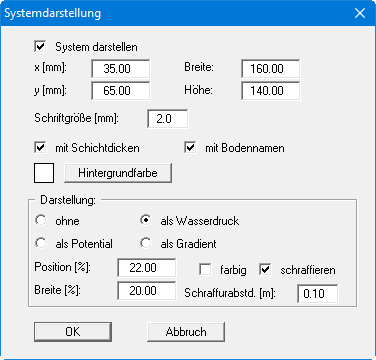 Wenn der Schalter "System darstellen" in der folgenden Dialogbox aktiviert ist, erhalten Sie eine Darstellung Ihres Grundwassersystems und der darin enthaltenen Berechnungsergebnisse. Dabei geben Sie im oberen Bereich die Einstellungen für das generelle System vor und im unteren Bereich beeinflussen Sie die Darstellung Ihrer Berechnungsergebnisse. Wenn Sie das Verfahren nach Aulbach/Ziegler aktiviert haben, stehen Ihnen nur die oberen Einstellungen zur Verfügung.
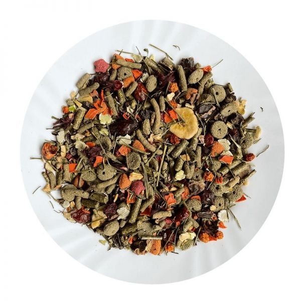 Hosszú távú etetésre alkalmas, egész zöldségekben, gyümölcsökben, ropogtatnivalókban és lóheregyűrűkben gazdag, szelektív és kiegyensúlyozott takarmánykeverék tengerimalacok számára.
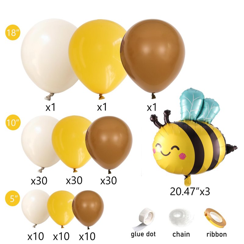 - Package Include: 90 pcs 10" balloons (30 mustard yellow,30 sand white,30 brownr), 30 pcs 5" balloons (10 mustard yellow,10 sand white,10 brownr),3 pcs 18" balloons(1 mustard yellow,1 sand white,1 brownr) ,3 pcs bumblebee foil balloon,3 pcs tools
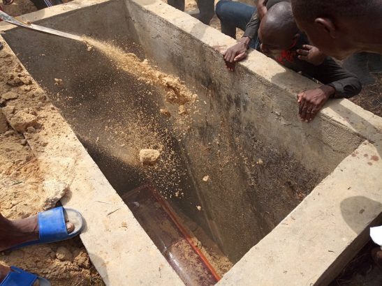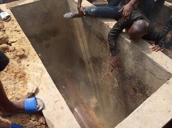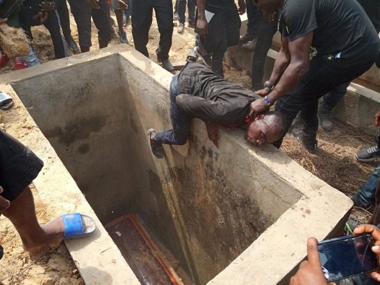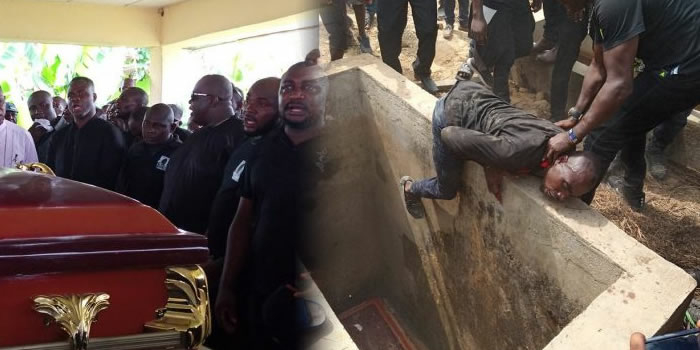The deceased was recently killed by yet to be identified gunmen. It took the intervention of other mourners to prevent his friend from entering the grave with him.
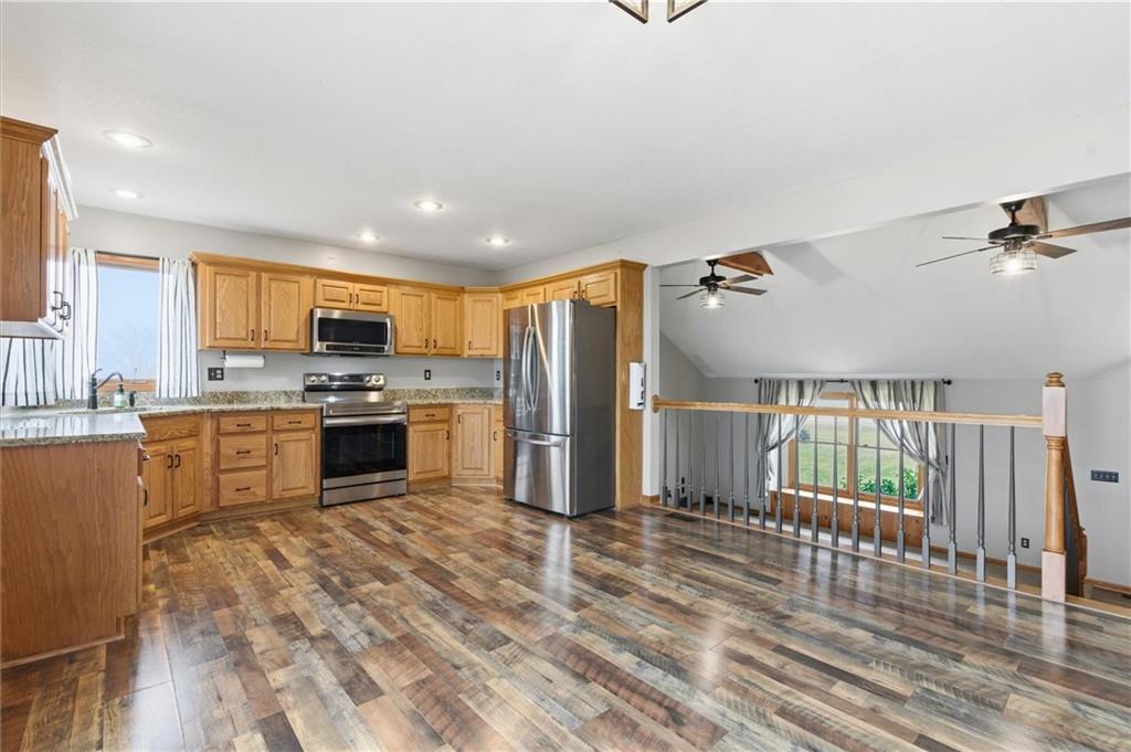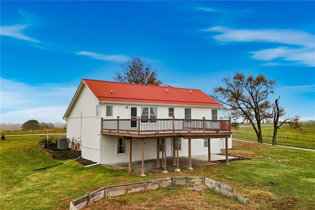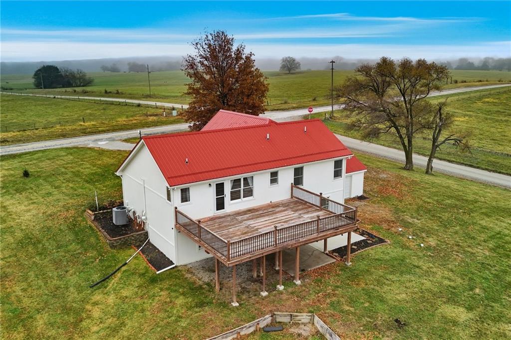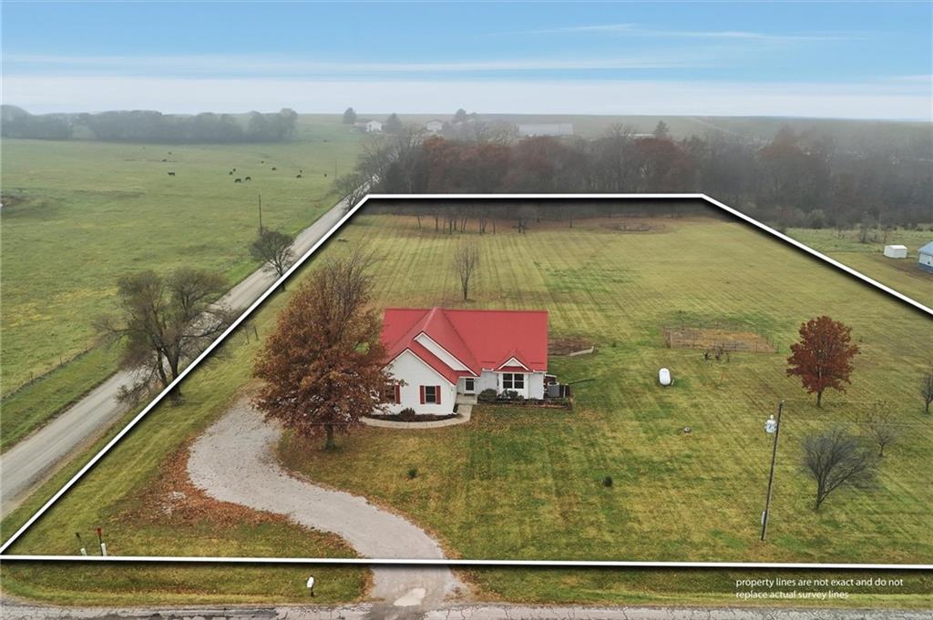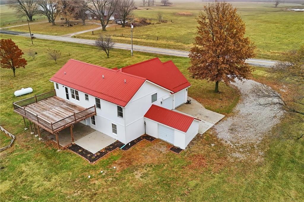 Welcome home to your country retreat on 4.92 picturesque acres! This front-to-back split offers a perfect blend of modern comfort and peaceful rural living, with a metal roof, three garages, and panoramic country views in every direction. From the vaulted ceilings and open living space to the oversized deck overlooking rolling acreage, every detail invites you to relax and enjoy the serenity of country life. The main level welcomes you with a bright living room, vaulted ceilings, and natural light that flows into the upper-level kitchen and dining area. The kitchen offers abundant cabinetry, pantry storage, and access to the expansive rear deck—perfect for entertaining or quiet mornings watching wildlife. Down the hall is a convenient half bath and a spacious primary suite featuring a private full bath and an oversized walk-in/step-up closet designed for functionality and charm. The lower level provides a cozy family room that walks out to the patio, plus two additional bedrooms and a full bath—ideal for guests or family separation. Continue to the sub-basement for additional storage, hobby space, or workshop options. A two-car side-entry garage provides direct main-level access, while a third utility garage serves perfectly for equipment, tools, or recreational vehicles. Enjoy a corner lot setting with plenty of room for future outbuildings, gardening, or a small hobby farm. Whether you envision adding a barn, expanding outdoor living, or simply enjoying the privacy and space, this property is built for flexibility and long-term value. Solid construction, a durable metal roof, and thoughtful design make this an ideal opportunity for your next chapter of country living.
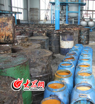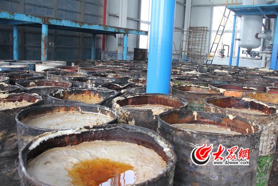 位于濰坊港附近的濰坊金信達生物化工有限公司董事長宮述亮遇到了煩心事,因為企業(yè)所需的原料地溝油嚴重不足。2月25日,大眾網(wǎng)記者來到這家企業(yè)采訪,宮述亮對記者說,以前工人每天兩次到酒店回收餐廚垃圾(以地溝油為主),一天下來,收回一噸也就是6桶餐廚垃圾沒問題,但近段時間以來,每天收購的餐廚垃圾少時兩桶,多時也只有三桶!叭绻@種情況維持下去,柴油的產(chǎn)量會直接受到影響!睂m述亮說。
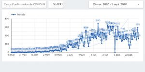 🔊 Escuchar esto La Secretaría de Salud confirmó la noche de este viernes 522 nuevas muertes por coronavirus Covid-19 en el país, con lo que suman 66 mil 851, mientras que el número de contagios acumulados llegó a 623 mil 90, 6 mil 197 más que el jueves. La Secretaría de Salud de Guanajuato (SSG) reportó que la cifra de contagios superó los 35 mil en las últimas 24 horas. [read more=”Leer más” less=”Leer menos”] 🔊 Nota completa En conferencia desde Palacio Nacional, el subsecretario de Salud federal, Hugo López-Gatell, informó que hay 700 mil 502 casos negativos y 85 mil 792 sospechosos. Además, hay un total de un millón 409 mil 384 personas estudiadas y 44 por ciento de esta cifra han sido positivas. En el escenario nacional, los casos estimados para esta semana son 657 mil 744 y los casos activos estimados 41 mil 578 (6 por ciento). La semana epidemiológica 34 registró 434 mil 667 casos recuperados y 68 mil 565 defunciones estimadas. Sobre la disponibilidad de camas para hospitalización general, se reportó un total de 31 mil 561, de las cuales 20 mil 900 están disponibles y 10 mil 661 (34 por ciento) ocupadas. Nayarit, con 57 por ciento, es el estado con la mayor ocupación. En cuanto a la disponibilidad de camas con ventilador, para los pacientes graves de Covid-19, hay un total de 10 mil 489, una disponibilidad de 7 mil 354, y una ocupación de 3 mil 135 o el 30 por ciento. Aguascalientes y Nuevo León son los estados con la mayor ocupación, con un 50 por ciento. En el mundo van más de 26 millones 499 mil casos confirmados de la enfermedad y alrededor de 872 mil 390 fallecimientos, de acuerdo con datos de la Universidad Johns Hopkins. GUANAJUATO SE ACERCA A 3 MIL MUERTOS En su última actualización, la Secretaría de Salud de Guanajuato (SSG) informó que la cifra de muertos por Covid-19 llegó a 2 mil 292, 47 más que el jueves. En contagios, la entidad registró 325 más para llegar a 35 mil 100, de los cuales 34 mil 944 son por transmisión comunitaria y 28 mil 456 se han recuperado, mientras que 2 mil 988 se mantienen en investigación. Solo el municipio de León sumó 19 muertos en las últimas horas para llegar a un total de 911 desde que llegó la pandemia. En cuanto a contagios, León sigue también en la cima en la entidad con 12 mil 670. Las defunciones por municipio quedan así: León 911 Irapuato 221 Celaya 214 Silao 142 Salamanca 106 Guanajuato capital 57 Sn. Fco. Del Rincón 51 Cortazar 49 Sn. Luis de la Paz 43 Dolores Hidalgo 40 Pénjamo 38 Juventino Rosas 36 Romita 34 Salvatierra 33 Valle de Santiago 33 Villagrán 29 Apaseo el Grande 22 Sn. Miguel de Allende 22 Acámbaro 21 Abasolo 17 Purísima del Rincón 17 San José Iturbide 15 Comonfort 14 San Felipe 14 Moroleón 12 Manuel Doblado 11 Apaseo el Alto 10 Uriangato 9 Yuriria 9 Jaral del Progreso 8 Ocampo 8 Doctor Mora 6 Cuerámaro 5 Jerécuaro 5 Tarimoro 5 Huanímaro 4 Sn. Diego de la Unión 4 Tierra Blanca 4 Santiago Maravatío 3 Tarandacuao 3 Victoria 3 Xichú 3 Pueblo Nuevo 1 [/read] Compartir
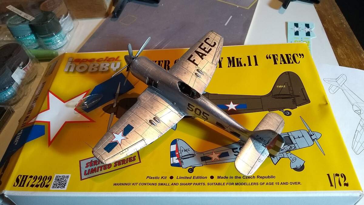 Next come the blue underside and fuselage sides, the blue must be mixed…
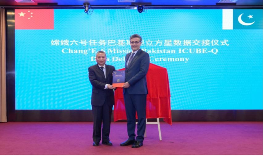 China delivers the data provided by ICUBE-Q, a cube satellite onboard the Chang'e-6 spacecraft, to Pakistan at a handover ceremony held by the China National Space Administration, May 10.
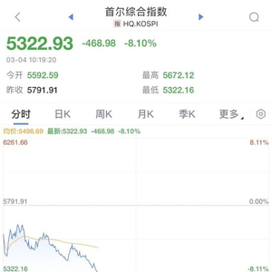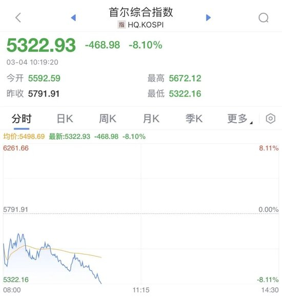3月4日,韩国市场持续走低,韩国综合股价指数暴跌8%,触发熔断机制。此外,韩国创业板指数KOSDAQ暴跌8%,同样触发熔断机制,交易暂停20分钟。
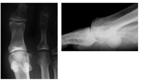 При тяжелых повреждениях связок первого пальца выполняется стандартная рентгенография для исключения возможных костных повреждений, будь то отрывы капсулы сустава с костными фрагментами, переломы сесамовидных костей, расхождение или миграция сесамовидных костей.
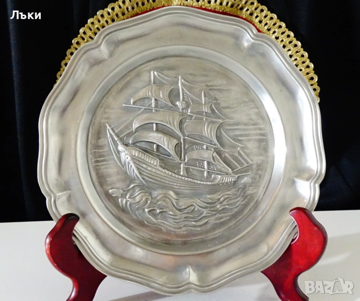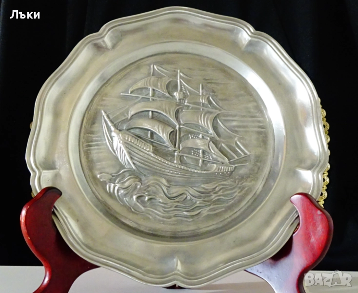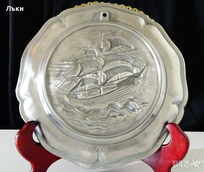 ръчна изработка от 95% калай и 5% сребро,маркирана от производителя.В центъра е
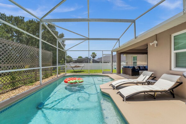 Dive into relaxation with our private pool, perfect for a refreshing swim or lounging under the Florida sun. Fire pit and outdoor TV are perfect for a cozy evening while enjoying BBQ with your family/friends.
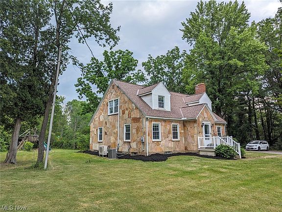 Welcome to 5151 Medina Rd in the Revere school district! This beautiful stone cape cod home is situated on a 2.73 acre wooded lot with a large yard that’s perfect for entertaining, including a fire pit, a detached 2-car garage and a brand new shed w/ramp. This classic home showcases 2 bedrooms and a full bath on the main level and 2 more expansive bedrooms and full bath on the second level. The kitchen hosts beautiful cabinetry with pull out drawers, glass front doors, granite countertops and a pantry, and has a new dishwasher and top of the line refrigerator. The oversized rooms throughout the home are a welcome surprise, all with hardwood flooring. The formal dining room with arched doorway leads to a large living room with a wood burning fireplace. The full unfinished basement has a second fireplace and so much potential for even more living space. Major updates include a new roof in 2020, new garage door 2023, new tankless hot water tank and water softener in July 2023, waterproofing done by Ohio State Waterproofing with a lifetime warranty in 2015, and central air put in the main floor. All appliances stay, including a newer washer and dryer! Easy access to I-77, and just minutes to Summit Mall, Fairlawn and Montrose. Call today for a private showing!
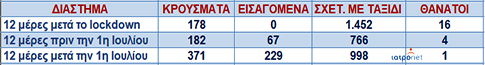 Το 12ήμερο που είχε προηγηθεί του ανοίγματος, δηλαδή από 18 έως 30 Ιουνίου, είχαν καταγραφεί 182 κρούσματα. Υπάρχει, δηλαδή, αύξηση 103,8%.
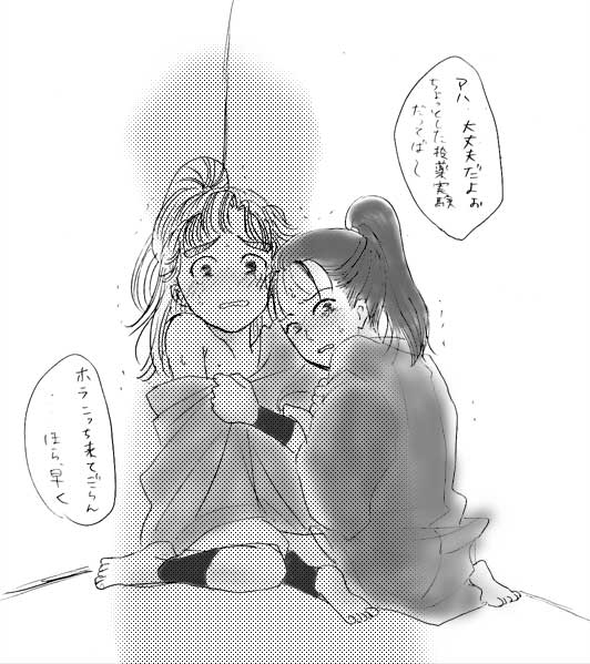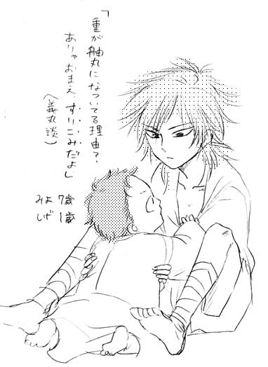 MY設定で、重は1歳のときに拾われてきて、したっぱのみよ(7歳)に育てられます。なのでみよにとっては重は息子で弟で、水練の相方で、仲間であり、それ以上には見られません。
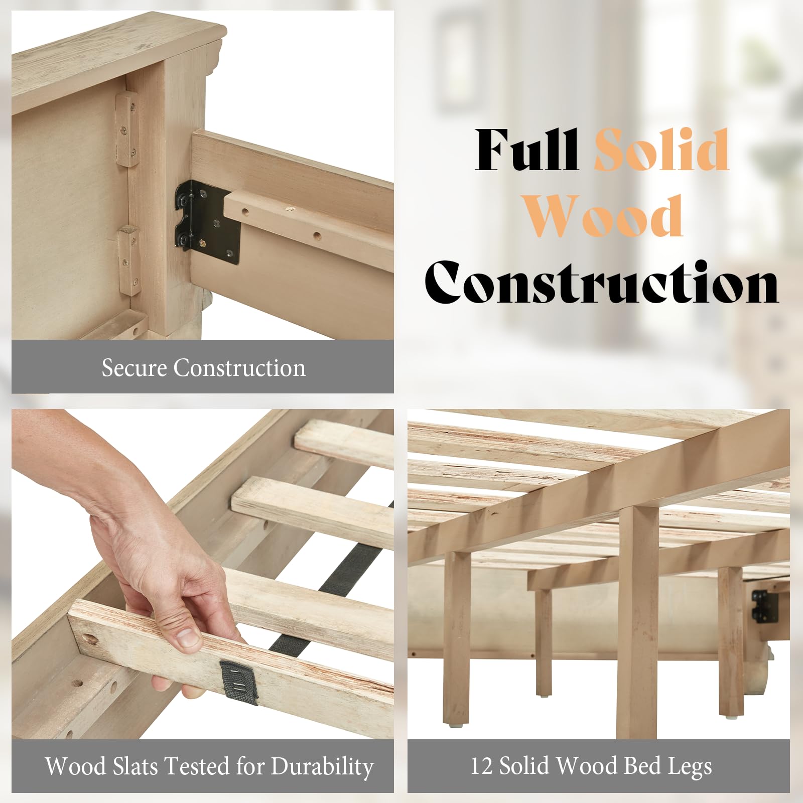 - 100% Solid Wood Frame: this wooden bed frame built with natural solid wood for superior strength, stability,and longevity, guarantees a sturdy foundation that endures daily use.
※ ※ ※
Requirement >>
In the copy, include each line from the start of the material through the line with "The deceased was", word for word, but none of the pictures.

Solved problem >>
 Wenn der Schalter "System darstellen" in der folgenden Dialogbox aktiviert ist, erhalten Sie eine Darstellung Ihres Grundwassersystems und der darin enthaltenen Berechnungsergebnisse. Dabei geben Sie im oberen Bereich die Einstellungen für das generelle System vor und im unteren Bereich beeinflussen Sie die Darstellung Ihrer Berechnungsergebnisse. Wenn Sie das Verfahren nach Aulbach/Ziegler aktiviert haben, stehen Ihnen nur die oberen Einstellungen zur Verfügung.
 Hosszú távú etetésre alkalmas, egész zöldségekben, gyümölcsökben, ropogtatnivalókban és lóheregyűrűkben gazdag, szelektív és kiegyensúlyozott takarmánykeverék tengerimalacok számára.
 - Package Include: 90 pcs 10" balloons (30 mustard yellow,30 sand white,30 brownr), 30 pcs 5" balloons (10 mustard yellow,10 sand white,10 brownr),3 pcs 18" balloons(1 mustard yellow,1 sand white,1 brownr) ,3 pcs bumblebee foil balloon,3 pcs tools
The deceased was recently killed by yet to be identified gunmen. It took the intervention of other mourners to prevent his friend from entering the grave with him.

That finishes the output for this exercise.